_Dataset extract_

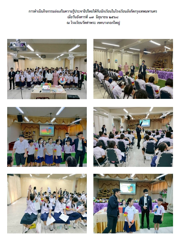| 5784 | ![]() | 2025-06-24 00:00:00.0000000 | 12.50 | 0.00 | ดำเนินกิจกรรมการส่งเสริมความรู้ประชาธิปไตยให้กับนักเรียนในโรงเรียนสังกัดกรุงเทพมหานคร เมื่อวันอังคารที่ 17 มิถุนายน 2568 ณ โรงเรียนท่าพระ เขตบางกอกใหญ่ มีนักเรียนระดับประถมศึกษาเข้าร่วมกิจกรรม จำนวน 50 คน ทั้งนี้ จำนวนนักเรียนที่เข้ารับการอบรมรวมทั้งสิ้นเป็นร้อยละ 75 ของนักเรียนที่เข้ารับการอบรมทั้งหมด | ||
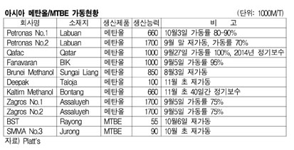 아시아 메탄올(Methanol) 시장은 10월 재가동 플랜트가 늘어나고, 가동률도 상승세를 지속해 공급이 완화될 것으로 예상된다. 반면, Deepak은 원료 부족으로 가동을 중단했던 Taloja 소재 메탄올 10만톤 플랜트를 11월 초 재가동할 예정이고, Kaltim Methanol은 Bontang 소재 66만톤 플랜트를 11월 초 40일 동안 정기보수할 방침이다. 표, 그래프: < 아시아 메탄올/MTBE 가동현황 > <화학저널 2012/10/12> |
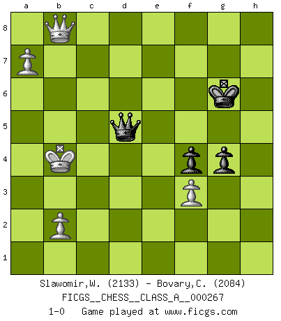 Last move : 1-0 2023 July 1 12:45:36 [Event "FICGS__CHESS__CLASS_A__000267"] [Site "FICGS"] [Date "2023.03.18"] [Round "1"] [White "Slawomir,Weglicki"] [Black "Bovary,Charles"] [Result "1-0"] [WhiteElo "2133"] [BlackElo "2084"] 1.d4 d5 2.Nf3 Nf6 3.e3 Bf5 4.c4 e6 5.Nc3 c6 6.Nh4 Bg6 7.Qb3 Qc7 8.Nxg6 hxg6 9.Bd2 Nbd7 10.cxd5 exd5 11.O-O-O a5 12.Qc2 Rxh2 13.Rxh2 Qxh2 14.a3 Be7 15.Kb1 Nb6 16.f3 Nc4 17.Bc1 b5 18.e4 Rc8 19.a4 b4 20.Ne2 Nd7 21.Nf4 g5 22.Nd3 Qc7 23.Ka2 Kf8 24.Be2 c5 25.Rh1 g6 26.dxc5 dxe4 27.Nxb4 axb4 28.Qxc4 Kg7 29.Bd2 Nxc5 30.Qxb4 Bf6 31.Bc3 Bxc3 32.Qxc3+ f6 33.Bb5 Qf7+ 34.Kb1 Qe6 35.Qa5 Qe7 36.Qb4 Qe5 37.Re1 e3 38.g4 Rc7 39.Rc1 Ne6 40.Rxc7+ Nxc7 41.Be2 f5 42.gxf5 gxf5 43.a5 Kg6 44.Qa4 Qh2 45.Qc4 Qh1+ 46.Ka2 Qh7 47.Qd4 Qe7 48.Ka1 Kh5 49.Kb1 f4 50.Qh8+ Kg6 51.Bd3+ Kf7 52.Qd4 Ne6 53.Qe4 Nd8 54.Qd5+ Qe6 55.Qxd8 e2 56.Qc7+ Kf8 57.Qb8+ Kg7 58.Qb7+ Kf6 59.Bxe2 Qxe2 60.Qc6+ Kf7 61.a6 Qd3+ 62.Ka2 Qd4 63.Ka3 g4 64.Qc7+ Kg6 65.a7 Qd3+ 66.Kb4 Qd5 67.Qb8 1-0 Follow this game move after move (download)My style is somewhere between that of Tal and Petrosian. (Reshevsky) Ich hatte Zahnschmerzen im ersten Spiel. In der zweiten Partie tat mir der Kopf weh. In der dritten war es eine Rheuma-Attacke und während der vierten fühlte ich mich nicht gut. Und in der fünften? Nun, man muss doch nicht jedes Spiel gewinnen, oder? (Savielly Grigorievitsch Tartakower) Aún el Rey más flojo huye despavorido ante la amenaza de un Jaque doble. (Aaron Nimzowitsch) Fischer est le meilleur joueur du monde et Karpov n'est qu'un joueur de bistrot. (Garry Kasparov, agé de 16 ans) Knowledge rests not upon truth alone, but upon error also. (Carl G. Jung)
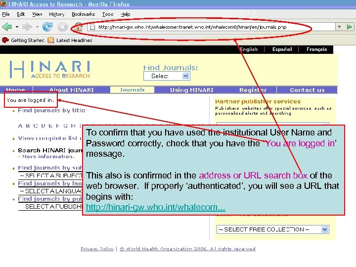 To confirm that you have used the institutional User Name and Password correctly, check that you have the ‘You are logged in’ message. This also is confirmed in the address or URL search box of the web browser. If properly ‘authenticated’, you will see a URL that begins with: http: //hinari-gw. who. int/whalecom. . .
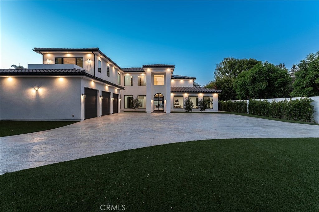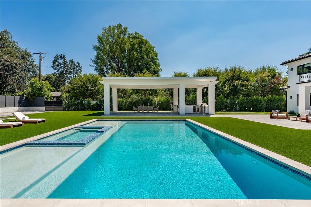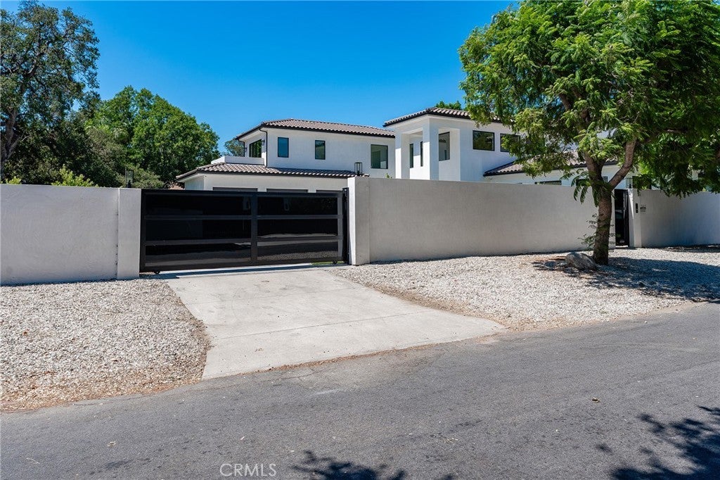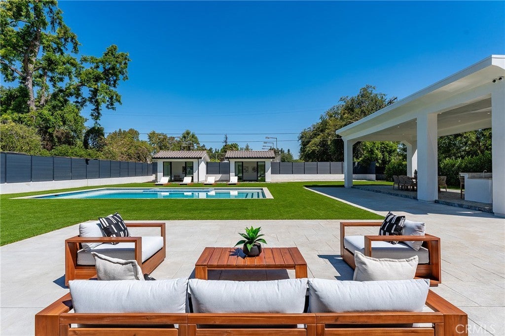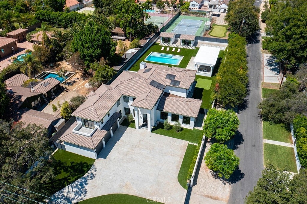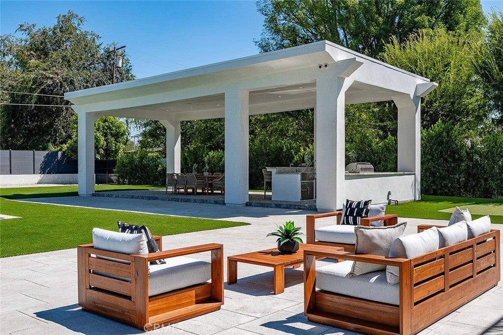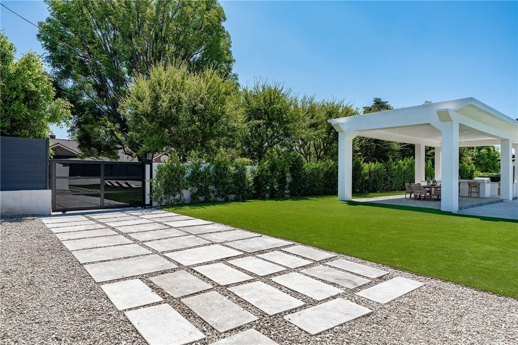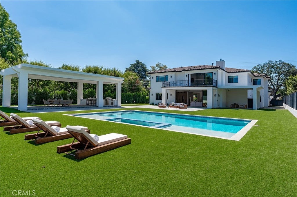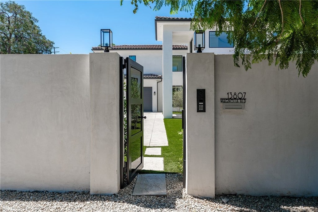 Welcome to this stunning newly constructed estate in the exclusive Weddington Estates enclave of Sherman Oaks. Set behind private gates on a sprawling corner lot, this home blends luxury, comfort, and smart living with effortless style. Featuring 5 spacious bedrooms and 4.5 luxurious bathrooms, the residence showcases white oak flooring, sophisticated smart home technology, and exceptional indoor-outdoor flow—perfect for entertaining. Step through custom arched iron double doors into a light-filled, open-concept layout designed for grand living. The formal living and dining areas unite into a dramatic great room with expansive windows that flood the space with natural light—ideal for both hosting and relaxing. The gourmet chef’s kitchen is equipped with top-of-the-line appliances, a built-in Thermador refrigerator and freezer, full-size wine fridge, and a butler’s pantry. It opens to the inviting family room, complete with a sleek fireplace and oversized Fleetwood pocket sliding doors that lead to your private, resort-style backyard. The main level also includes a media room, custom wet bar with wine fridge, and a versatile guest suite with en-suite bath—perfect for visitors or in-laws. Upstairs, you'll find three generously sized bedrooms, including two en-suites with custom walk-in closets. The primary suite is a luxurious retreat with pocket doors that open to a private balcony, his and hers walk-in closets with built-ins, and a spa-inspired bathroom with dual vanities, an oversized soaking tub, and a double rainfall shower. A conveniently located upstairs laundry room adds functionality. Outdoors, the resort-style backyard is designed for unforgettable gatherings. Enjoy a sparkling pool and spa, two enclosed recreation cabanas, a putting green, and two covered patios—including an oversized space with a fully equipped outdoor kitchen and BBQ area for the ultimate open-air lounge experience. This backyard is a true entertainer’s dream. Smart home automation powered by Control4 provides seamless control of lighting, integrated sound system including sonos, climate, pool, spa, and more—delivering unparalleled comfort, convenience, and modern luxury throughout. This estate also caters to the car enthusiast, featuring a spacious 3-car garage, three separate gated entrances, and an expansive driveway that offers ample parking for multiple vehicles.

_Requirement_
The listing must be repeated word for word, and none of its pictures may appear in the copy.

_Output of the task_
| 5784 | ![]() | 2025-06-24 00:00:00.0000000 | 12.50 | 0.00 | ดำเนินกิจกรรมการส่งเสริมความรู้ประชาธิปไตยให้กับนักเรียนในโรงเรียนสังกัดกรุงเทพมหานคร เมื่อวันอังคารที่ 17 มิถุนายน 2568 ณ โรงเรียนท่าพระ เขตบางกอกใหญ่ มีนักเรียนระดับประถมศึกษาเข้าร่วมกิจกรรม จำนวน 50 คน ทั้งนี้ จำนวนนักเรียนที่เข้ารับการอบรมรวมทั้งสิ้นเป็นร้อยละ 75 ของนักเรียนที่เข้ารับการอบรมทั้งหมด | ||
 아시아 메탄올(Methanol) 시장은 10월 재가동 플랜트가 늘어나고, 가동률도 상승세를 지속해 공급이 완화될 것으로 예상된다. 반면, Deepak은 원료 부족으로 가동을 중단했던 Taloja 소재 메탄올 10만톤 플랜트를 11월 초 재가동할 예정이고, Kaltim Methanol은 Bontang 소재 66만톤 플랜트를 11월 초 40일 동안 정기보수할 방침이다. 표, 그래프: < 아시아 메탄올/MTBE 가동현황 > <화학저널 2012/10/12> |
 Last move : 1-0 2023 July 1 12:45:36 [Event "FICGS__CHESS__CLASS_A__000267"] [Site "FICGS"] [Date "2023.03.18"] [Round "1"] [White "Slawomir,Weglicki"] [Black "Bovary,Charles"] [Result "1-0"] [WhiteElo "2133"] [BlackElo "2084"] 1.d4 d5 2.Nf3 Nf6 3.e3 Bf5 4.c4 e6 5.Nc3 c6 6.Nh4 Bg6 7.Qb3 Qc7 8.Nxg6 hxg6 9.Bd2 Nbd7 10.cxd5 exd5 11.O-O-O a5 12.Qc2 Rxh2 13.Rxh2 Qxh2 14.a3 Be7 15.Kb1 Nb6 16.f3 Nc4 17.Bc1 b5 18.e4 Rc8 19.a4 b4 20.Ne2 Nd7 21.Nf4 g5 22.Nd3 Qc7 23.Ka2 Kf8 24.Be2 c5 25.Rh1 g6 26.dxc5 dxe4 27.Nxb4 axb4 28.Qxc4 Kg7 29.Bd2 Nxc5 30.Qxb4 Bf6 31.Bc3 Bxc3 32.Qxc3+ f6 33.Bb5 Qf7+ 34.Kb1 Qe6 35.Qa5 Qe7 36.Qb4 Qe5 37.Re1 e3 38.g4 Rc7 39.Rc1 Ne6 40.Rxc7+ Nxc7 41.Be2 f5 42.gxf5 gxf5 43.a5 Kg6 44.Qa4 Qh2 45.Qc4 Qh1+ 46.Ka2 Qh7 47.Qd4 Qe7 48.Ka1 Kh5 49.Kb1 f4 50.Qh8+ Kg6 51.Bd3+ Kf7 52.Qd4 Ne6 53.Qe4 Nd8 54.Qd5+ Qe6 55.Qxd8 e2 56.Qc7+ Kf8 57.Qb8+ Kg7 58.Qb7+ Kf6 59.Bxe2 Qxe2 60.Qc6+ Kf7 61.a6 Qd3+ 62.Ka2 Qd4 63.Ka3 g4 64.Qc7+ Kg6 65.a7 Qd3+ 66.Kb4 Qd5 67.Qb8 1-0 Follow this game move after move (download)My style is somewhere between that of Tal and Petrosian. (Reshevsky) Ich hatte Zahnschmerzen im ersten Spiel. In der zweiten Partie tat mir der Kopf weh. In der dritten war es eine Rheuma-Attacke und während der vierten fühlte ich mich nicht gut. Und in der fünften? Nun, man muss doch nicht jedes Spiel gewinnen, oder? (Savielly Grigorievitsch Tartakower) Aún el Rey más flojo huye despavorido ante la amenaza de un Jaque doble. (Aaron Nimzowitsch) Fischer est le meilleur joueur du monde et Karpov n'est qu'un joueur de bistrot. (Garry Kasparov, agé de 16 ans) Knowledge rests not upon truth alone, but upon error also. (Carl G. Jung)
 To confirm that you have used the institutional User Name and Password correctly, check that you have the ‘You are logged in’ message. This also is confirmed in the address or URL search box of the web browser. If properly ‘authenticated’, you will see a URL that begins with: http: //hinari-gw. who. int/whalecom. . .
 Welcome to this stunning newly constructed estate in the exclusive Weddington Estates enclave of Sherman Oaks. Set behind private gates on a sprawling corner lot, this home blends luxury, comfort, and smart living with effortless style. Featuring 5 spacious bedrooms and 4.5 luxurious bathrooms, the residence showcases white oak flooring, sophisticated smart home technology, and exceptional indoor-outdoor flow—perfect for entertaining. Step through custom arched iron double doors into a light-filled, open-concept layout designed for grand living. The formal living and dining areas unite into a dramatic great room with expansive windows that flood the space with natural light—ideal for both hosting and relaxing. The gourmet chef’s kitchen is equipped with top-of-the-line appliances, a built-in Thermador refrigerator and freezer, full-size wine fridge, and a butler’s pantry. It opens to the inviting family room, complete with a sleek fireplace and oversized Fleetwood pocket sliding doors that lead to your private, resort-style backyard. The main level also includes a media room, custom wet bar with wine fridge, and a versatile guest suite with en-suite bath—perfect for visitors or in-laws. Upstairs, you'll find three generously sized bedrooms, including two en-suites with custom walk-in closets. The primary suite is a luxurious retreat with pocket doors that open to a private balcony, his and hers walk-in closets with built-ins, and a spa-inspired bathroom with dual vanities, an oversized soaking tub, and a double rainfall shower. A conveniently located upstairs laundry room adds functionality. Outdoors, the resort-style backyard is designed for unforgettable gatherings. Enjoy a sparkling pool and spa, two enclosed recreation cabanas, a putting green, and two covered patios—including an oversized space with a fully equipped outdoor kitchen and BBQ area for the ultimate open-air lounge experience. This backyard is a true entertainer’s dream. Smart home automation powered by Control4 provides seamless control of lighting, integrated sound system including sonos, climate, pool, spa, and more—delivering unparalleled comfort, convenience, and modern luxury throughout. This estate also caters to the car enthusiast, featuring a spacious 3-car garage, three separate gated entrances, and an expansive driveway that offers ample parking for multiple vehicles.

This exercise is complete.